» Provided records:
++++++++

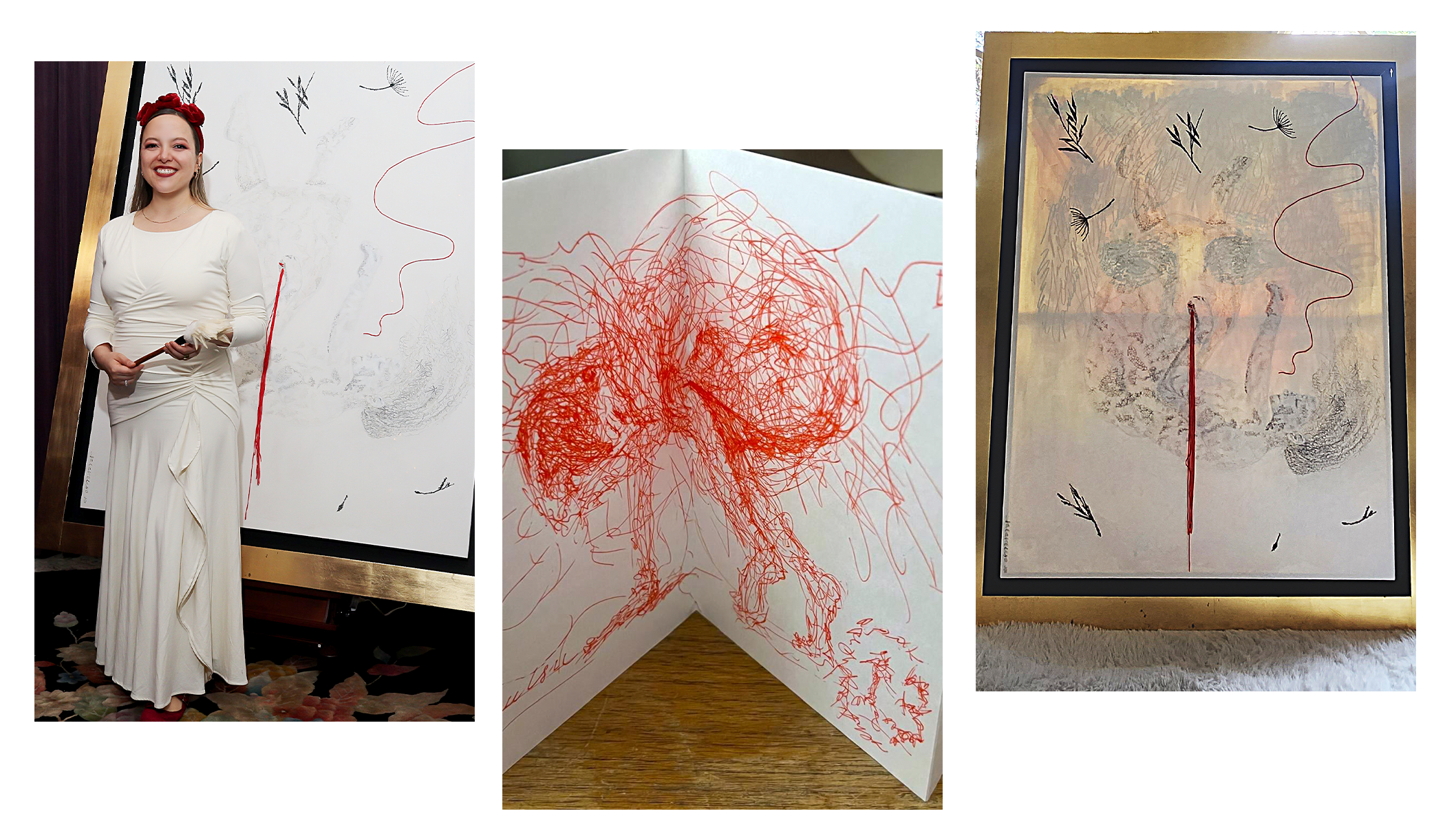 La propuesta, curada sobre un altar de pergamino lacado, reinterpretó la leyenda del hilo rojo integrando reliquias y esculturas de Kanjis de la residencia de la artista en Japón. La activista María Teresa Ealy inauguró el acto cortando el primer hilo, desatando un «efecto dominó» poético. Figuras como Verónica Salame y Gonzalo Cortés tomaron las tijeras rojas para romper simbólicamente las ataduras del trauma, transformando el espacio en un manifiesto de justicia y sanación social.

++++++++

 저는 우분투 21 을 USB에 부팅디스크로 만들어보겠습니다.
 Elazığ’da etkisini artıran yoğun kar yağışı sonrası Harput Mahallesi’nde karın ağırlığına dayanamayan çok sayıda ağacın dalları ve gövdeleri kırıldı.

++++++++

» Exercise brief:
Retype only this portion of the data above: the line containing "저는 우분투 21 을 USB에 부팅디스크로 만들어보겠습니다.", the line containing "Elazığ’da etkisini artıran", and all lines between them, exactly.

» Your solution:
 저는 우분투 21 을 USB에 부팅디스크로 만들어보겠습니다.
 Elazığ’da etkisini artıran yoğun kar yağışı sonrası Harput Mahallesi’nde karın ağırlığına dayanamayan çok sayıda ağacın dalları ve gövdeleri kırıldı.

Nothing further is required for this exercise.